Des jeunes de mon âge, la tête arrachée à moitié, sans mâchoires. Les corps jonchent le sol, les images, le sang et les cris se mêlent. La levée de l’état d’urgence s’annonce pire que l’état d’urgence. Ce n’était qu’un leurre. J’ai du mal à reprendre mes esprits, des flashs d’images me reviennent, et cet horrible son de mitraillette résonne encore dans ma tête.

Je n’ai pas le temps de reprendre tous mes esprits, que la rage m’envahit, la colère monte en moi. Je suis soudain pris d’une folle et noble volonté de vouloir me rendre sur place, de passer de l’autre côté de l’écran. La réalité me rattrape,  je suis pris de sanglots. Je pleure. Je pleure ces martyrs, je pleure ces enfants, je pleure ce pays. Je suis abattu. Je me sens impuissant. Je me sens vide, je me sens inutile. Comment pourrais-je les aider, que puis-je faire ?

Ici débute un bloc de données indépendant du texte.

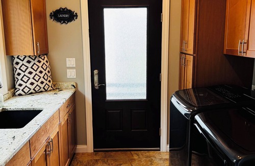 The guest house, located just steps from the main home, offers a private retreat with its own full kitchen, large living room, king bedroom, and a second bedroom with two queen beds. A full bathroom is located between the bedrooms, with an additional half bath and second laundry area downstairs at the entry level. This space is perfect for extended family or friends who prefer more privacy while remaining close to the main gathering areas.

Dans mon désarroi, je parcours les sites d’informations, et plus je les parcours, plus je ressens un sentiment de révolte monter en moi. Pour avoir la moindre information sur la Syrie, il faut chercher, chercher et chercher. Et lorsque je lis un article, je suis abasourdi de voir à quel point la situation est minimisée. Les informations réelles et la propagande de la dictature syrienne s’y mêlent. Je ne parle même pas des journaux télévisés, qui ignorent et minimisent complètement la situation.

Le silence des hommes politiques pendant près d’un mois est assourdissant. A l’heure où j’écris cet article, soit 42 jours après le début du soulèvement et des premiers carnages, la communauté internationale réagit timidement. Etant spectateur de toute cette désinformation, reprenant peu à peu mes esprits, motivé par la rage, l’espoir, la volonté d’être un acteur de cette révolution, de ne pas trahir mes frères, de ne pas laisser ces martyrs mourir en vain, je décide d’apporter ma modeste contribution à cette révolution.

L’esprit clair, la lucidité de retour, les sentiments renforcent ma conviction, ma rage se transforme en une flamme motrice, je suis prêt pour apporter ma modeste contribution. La remarquable jeunesse française d’origine syrienne s’active sur les réseaux sociaux. Après avoir créé un groupe Facebook pour diffuser les informations, nous participons aux manifestations contre le régime totalitaire. Les sbires du régime ne sont pas loin, ils piratent le groupe français de la révolution syrienne qui comptait plus de 500 membres. Des membres du groupe voient leur ordinateur piraté. Face à ce cuisant échec, un nouveau groupe Facebook est créé « Pour une Syrie libre ». Je vous invite d’ailleurs à le rejoindre pour vous tenir informé et soutenir cette révolution.

Nous avons d’ailleurs envoyé une lettre, via le site internet de l’Elysée au Président de la république, pour dénoncer le comportement inacceptable d’Eric Chevallier, ambassadeur de France en Syrie, qui par ses déclarations et ses actes, a soutenu la propagande du régime syrien. Ce dernier s’est fait remarquer par son attitude que l’on peut qualifier d’au moins complaisante si ce n’est d’amicale, envers Bachar el-Assad et son cousin Rami Makhlouf. Il a tout d’abord déclaré sur la radio syrienne Sham FM, qu’il y a une conspiration contre la Syrie et une exagération des médias. Comme rapporté par Le Figaro du 14 avril 2011, Eric Chevallier ajoute qu’il faut donner du temps au président syrien, et qu’il ne faut pas exclure que des mains étrangères soient derrière les manifestations.

Par ailleurs, l’ambassadeur a invité à déjeuner à la résidence de France, Rami Makhlouf, connu pour être « la pompe à finances » du régime baassiste. Cette complaisance est similaire aux déclarations inacceptables de Michèle Alliot-Marie au cours des premières manifestations du peuple tunisien pour sa liberté. De plus, l’ambassadeur a repris mot pour mot la propagande d’un dictateur sanguinaire, concernant les origines étrangères des troubles dans le pays. Etant français, je trouve inacceptable que cet ambassadeur représente la France. Il est à l’opposé des valeurs mêmes qui forment le socle de notre pays : liberté, égalité et fraternité.